Regardless of the limitations of genetic drift to change allele frequencies within populations, Provine still sees a role for neutral evolution on larger time scales. He acknowledges that the majority of nucleotide sites in a genome evolve according to neutral processes. How this process occurs, however, is where he differs in opinion from traditional population genetics theory. Neutral evolution and genetic drift must be viewed as different processes rather than the byproduct of a process (as the former is thought to relate to the later). If genetic drift is biologically meaningless, then some other force must account for what we view as neutral evolution. Provine sees inbreeding in small populations as a better explanation than genetic drift for neutral divergence.

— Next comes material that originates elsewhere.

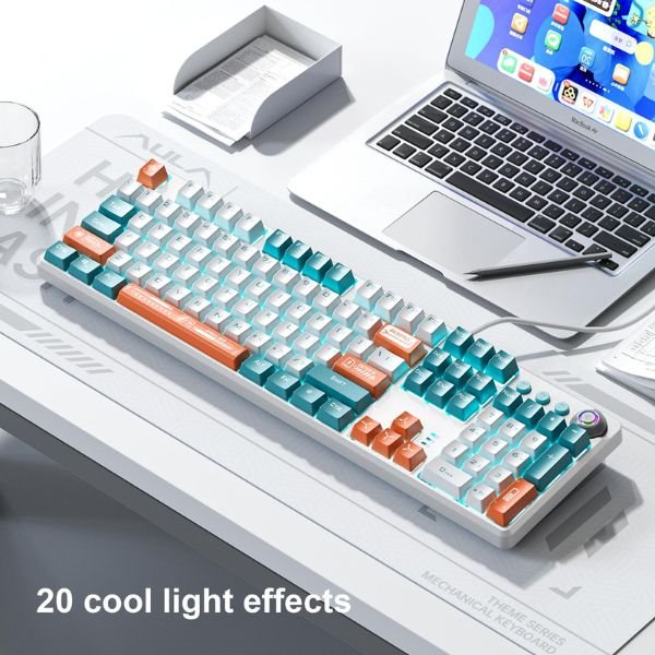 Refurbished Aula F2088Pro Wired Mechanical Keyboard White+Orange+Blue | Blue Switch (R-F2088Pro WOB)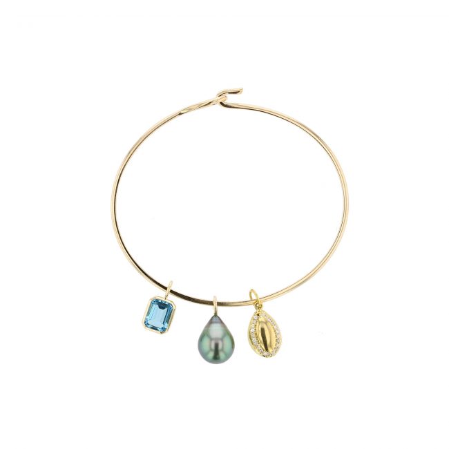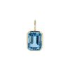 Hinerava presents this lovely blue topaz charm in an emerald cut 6x8mm and weighing 1.73 carats, set in 14K yellow gold. Blue topaz is a stone of peacefulness, loyalty and love. In addition to these qualities, we selected this gem as part of our collection for its striking blue color reminiscent of our lagoons.

Provine does not want to overhaul the entire field of population genetics. He merely thinks that genetic drift must be reconsidered and evaluated in regards to its biological meaning. The neutral theory is one of main foundations of molecular evolution, and when it’s disproved in a particular case (i.e., using a
dN/
dS or HKA test) we have strong evidence for selection at the molecular level. The genetic linkage between sites along a chromosome, however, challenges the biological tractability of drift. Uniting the neutral theory with Darwinian evolution, Provine made a nice comparison that I’d like to close with. He said that Kimura’s neutral theory, Ohta’s nearly neutral theory, and Darwin’s theory of natural selection all have their place within the framework of evolutionary biology. The neutral theory describes almost all DNA sequence evolution; the nearly neutral theory takes care of protein evolution; and natural selection provides an explanation for phenotypic evolution. While there may be exceptions (DNA sequences under selection and phenotypes evolving neutral), I see this as a good way to reconcile the different mechanisms of evolution at different levels.